Но глухому его голоску ответил другой голосок — дурачка Боголюба, который тихонько прострекотал:
— Седьмой товар самый лучший. Приобрети его, Монт-кау!
Старик начал снова:
— Чем светлей твоя собственная голова, тем досадней тебе темнота окружающих, ибо из-за них ты страдаешь от нетерпенья. Светлой голове начальника нужны светлые головы подчиненных. Этого слугу я предназначил твоему дому еще тогда, когда между мной и тобой лежали большие отрезки пространства и времени, и привел его сюда, чтобы оказать твоему дому особую, дружескую услугу, предложив тебе подобный товар. Ибо мой юноша так смышлен и речист, что это просто сущее удовольствие, и достает из сокровищницы языка такие затейливые обороты, что просто заслушаешься. Триста шестьдесят раз в году он пожелает тебе в разных выражениях спокойной ночи, и на пять дополнительных дней у него тоже найдется что-нибудь новое. И если он хотя бы два раза скажет тебе одно и то же, можешь вернуть его мне и получить обратно уплаченное.

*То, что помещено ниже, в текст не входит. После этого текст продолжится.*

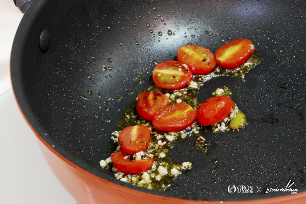 以中火將⼩番茄煎軟至出汁。
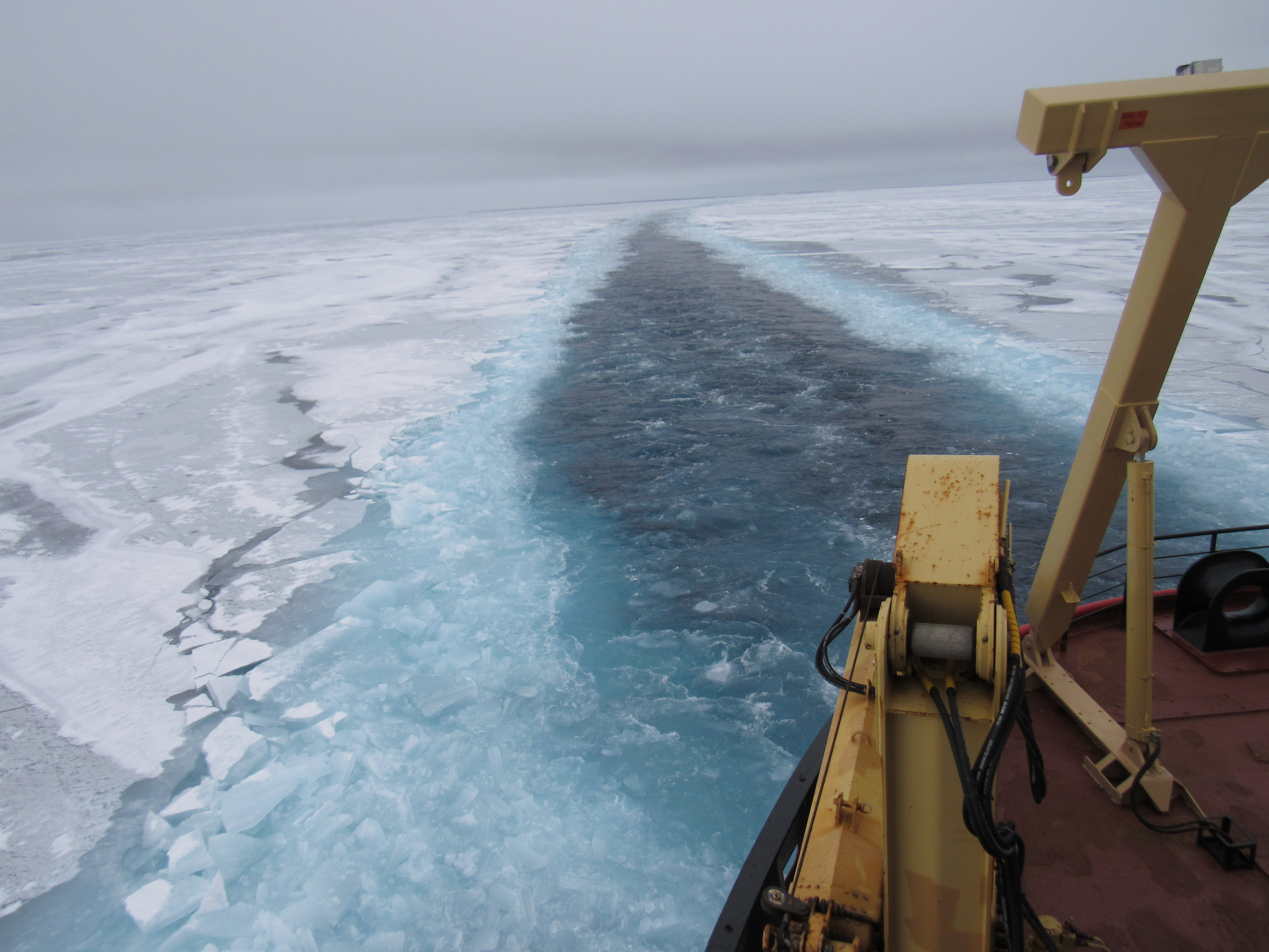 A view of the wake from the stern as the ship makes its way through the sea ice. Aboard the CCGS Louis S. St-Laurent in the Beaufort Sea.

— Послушай, старик! — отвечал управляющий. — Все это прекрасно. Но коль скоро мы уж заговорили о нетерпении, то мое терпенье, кажется, подходит к концу. Я по доброте своей соглашаюсь взять у тебя несколько совершенно ненужных мне безделиц, — только чтобы не обижать твоих богов и наконец уйти отсюда внутрь дома, а ты сразу же навязываешь мне какого-то слугу для пожелания спокойной ночи, да еще делаешь вид, будто он предназначен дому Петепра чуть ли не со времени основания страны.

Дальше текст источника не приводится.